Jetzt packen sie ihre sieben Sachen und an anderer Stelle wieder aus. Klaus
organisierte einen Kellerraum seiner Schule. Sie ziehen am 10. Oktober in den
Klubkeller der »Salvador-Allende-Schule«. Ex-Bassist Grimpe übernimmt die
Ausgestaltung der Räumlichkeit. Der Schriftzug ihres Bandnamens verärgert den
schon ohnehin recht intoleranten Direktor. Es kommt wiederum zum Meinungscrash
und zum daraus resultierenden Verlust des Domizils. Micky kann nicht verstehen,
was er nicht verstehen will. Er ist angewidert von den vielen Schlips-und-Kragen-
Spießern, für deren Tun er keinerlei juristische Definition finden kann. Denn heimlich
begehren sie, was sie öffentlich verachten. Jene philiströse Umgebung tat
ihm schon immer leid. Unter allen Kindern Adams sind sie die einfältigsten. Nur
mit Menschenhaut überzogen. Zu nichts anderes in der Lage, als Sauerstoff in
Kohlendioxid umzuwandeln. Eine bedingungslose, hündische Ergebenheit spricht
aus ihren Blicken. Der unterwürfigste Gehorsam.
Bei einem feuchtfröhlichen Umtrunk in der Gartenkneipe »Spatzenfalle«, gleich
neben dieser Schule, lernt Klaus Wehrmann am 11. November den Sektionsleiter
des Tontaubenschießverein Schönebeck kennen. Hellauf begeistert, er ist
permanenter ELVIS-Fan, gibt er ihnen eine Chance. Bald schon wird Gottes Vieh in
der »Kulturbaracke« des Schießstandes auf dem Hummelberg ansässig.
Dem jetzt die Abendschule konsultierenden Ronnie gefallen die abendlichen Proben
nicht mehr so recht. Es hilft kein Klagen und man einigt sich gütlich und Ronnie
verkauft seine Bassgitarre an Ecki Grimpe.
Der Winter ist ins Land gezogen. Bassist Grimpe braucht entsprechendes Schuhwerk.
Seine Jesuslatschen wären doch nur etwas für die wärmeren Monate. Meint seine
Mutter. Sie ist es, die ihn bei der Hand nimmt und in ein Salzelmener Schuhgeschäft
führt. Hier möge er sich doch etwas Angebrachtes aussuchen. Recht erstaunt zeigt
sie sich, als Eckis Wahl auf ein Paar Langschäfter, im Damenregal stehend, fällt. Es
schert ihn nicht und er stellt Mama vor die Entscheidung. Entweder diese oder keine.
Jene hochhackigen und aufgrund seiner kleinen Füße ihn passenden und bis zu den
Knien reichenden Stiefel werden zur permanenten Komponente seiner Erscheinung.

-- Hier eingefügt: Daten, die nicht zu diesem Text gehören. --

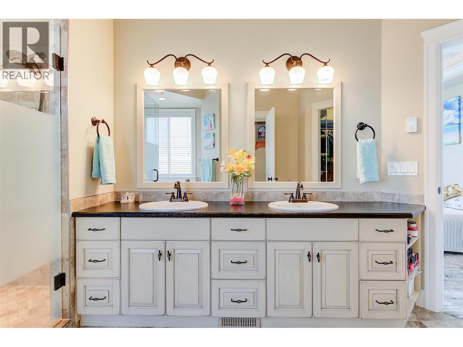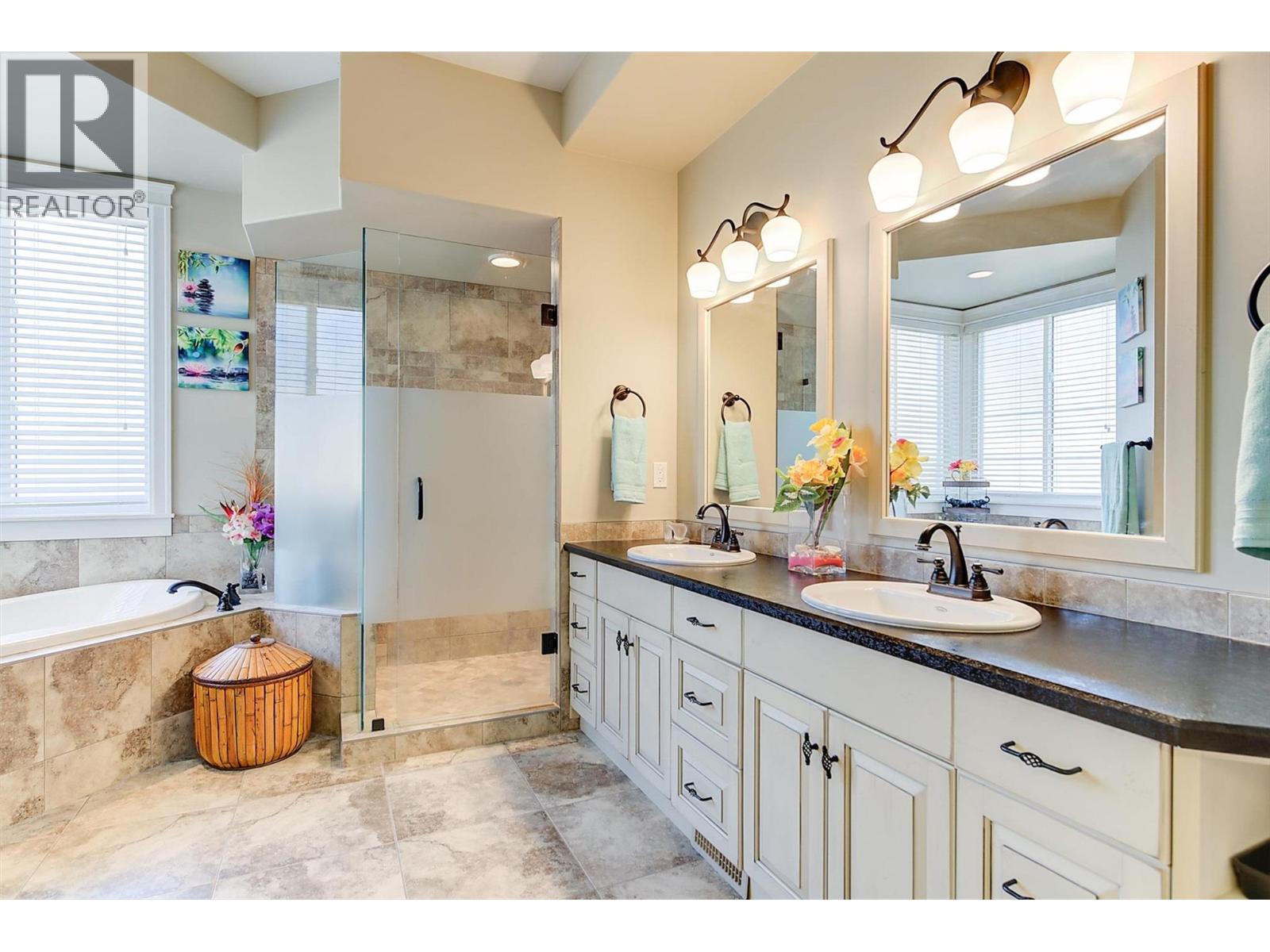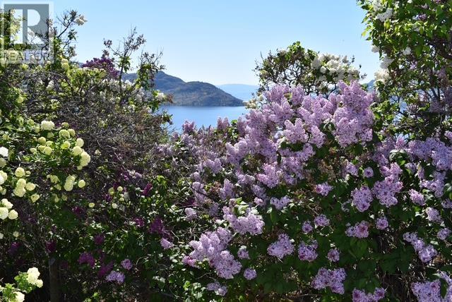 Perched to capture panoramic lake views from every level, this impressive 2011 custom-built home offers 2,447 sq. ft. of refined living space and exceptional craftsmanship throughout. A dramatic 20-foot grand entry welcomes you inside, where sunlight filters through authentic leaded glass windows. The upper level features an open-concept design with living and dining areas centered around a custom kitchen complete with a large island, gas range, and built-in wine fridge. An oversized stone gas fireplace anchors the living room, while French doors open to a covered patio surrounded by professional landscaping and uninterrupted lake views. The patio connects to a private gazebo with hot tub, perfect for relaxing and entertaining. The spa-inspired ensuite includes a glass shower, custom cabinetry, corner soaker tub, and private water closet, along with a spacious walk-in closet and laundry chute. Downstairs offers three generously sized bedrooms — each with lake views — and a full bathroom, ideal for family or guests. Additional highlights include a spacious garage with workbench and storage, custom paver stone driveway, striking stone exterior, and a six-zone irrigation system protecting the beautifully maintained landscaping. Enjoy morning sun from one of three front decks and evening sunsets from the hot tub. Located in sought-after Peachland, this exceptional home is just minutes from waterfront shops, dining, and small-town charm. Make your appointment today. (id:6770)
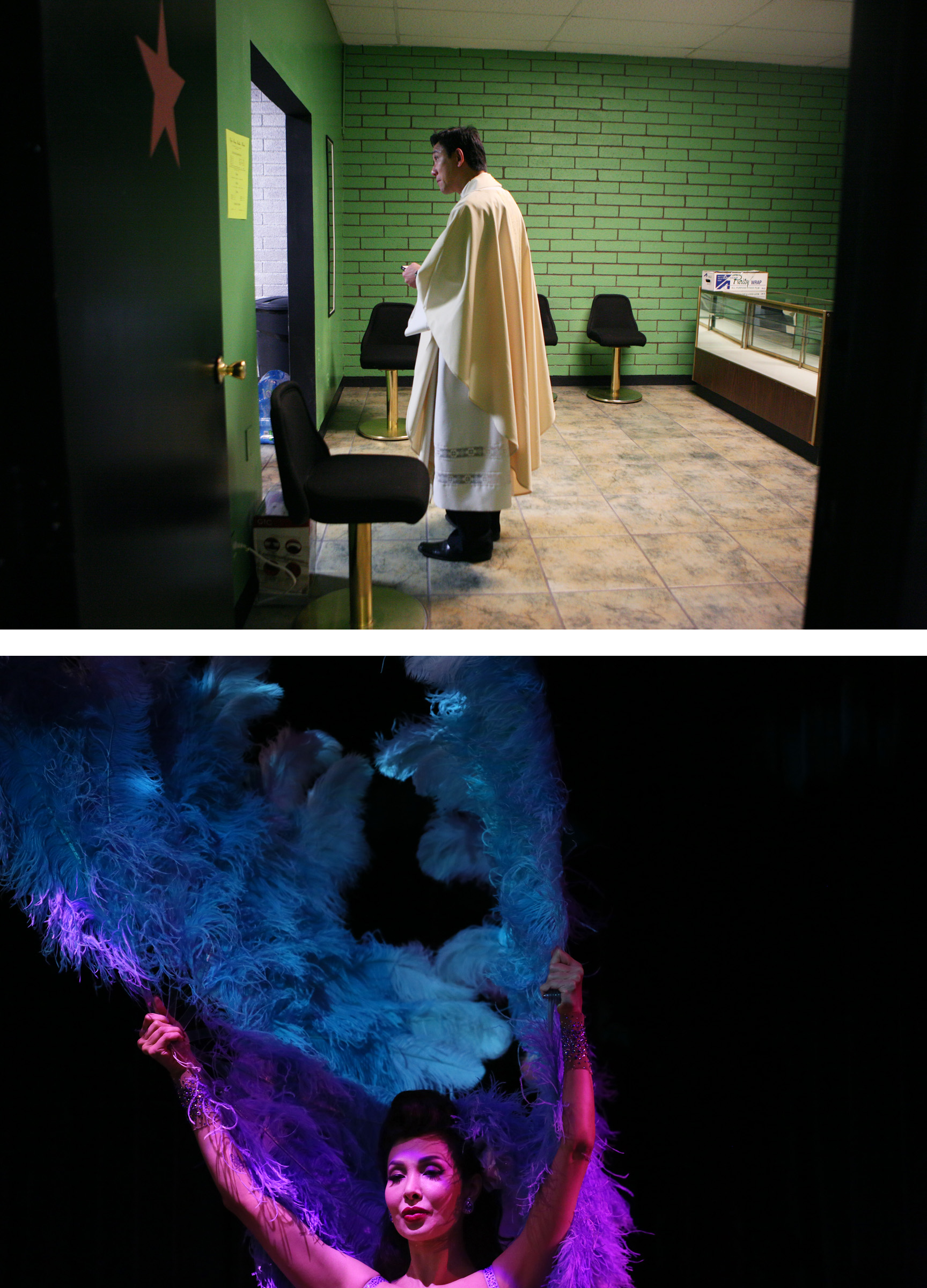 It should seem fitting that only in Sin City, would I be sent to cover an assignment at a church. After spending nearly two hours at the church with the kindest strangers I have encountered in a long time and listening to the Rev. George Balgan embrace his small and tightly-knit group of parishioners with an open heart, I left the little makeshift church that is nestled in a commercial center among ethnic restaurants. Within 20 minutes and less than 2 miles of a drive, I was standing in a strip club. My next assignment was to cover a comedian who was performing in the club’s showroom. A burlesque act offered entertainment in between a set.

Und das nicht nur des Winters.
Später Heiliger Abend 1973, die Bescherung ist Geschichte. Micky Hennemann und
Klaus Wehrmann stehen vor Ecki Grimpes Tür in der Leipziger Straße. Fragend
schaut dieser aus dem Fenster. Daraufhin bringen sie ihm ein Weih-nachtsständchen
und singen »Kommet ihr Hirten«. Man wolle noch etwas erleben, doch ist das an
einem Tag wie diesem ein recht schwieriges Unterfangen. Dennoch marschieren
sie durch das verschneite Salzelmen bis zur Johanniskirche. Hier findet gerade die
Mitternachtsmette statt, der sie eine halbe Stunde beiwohnen.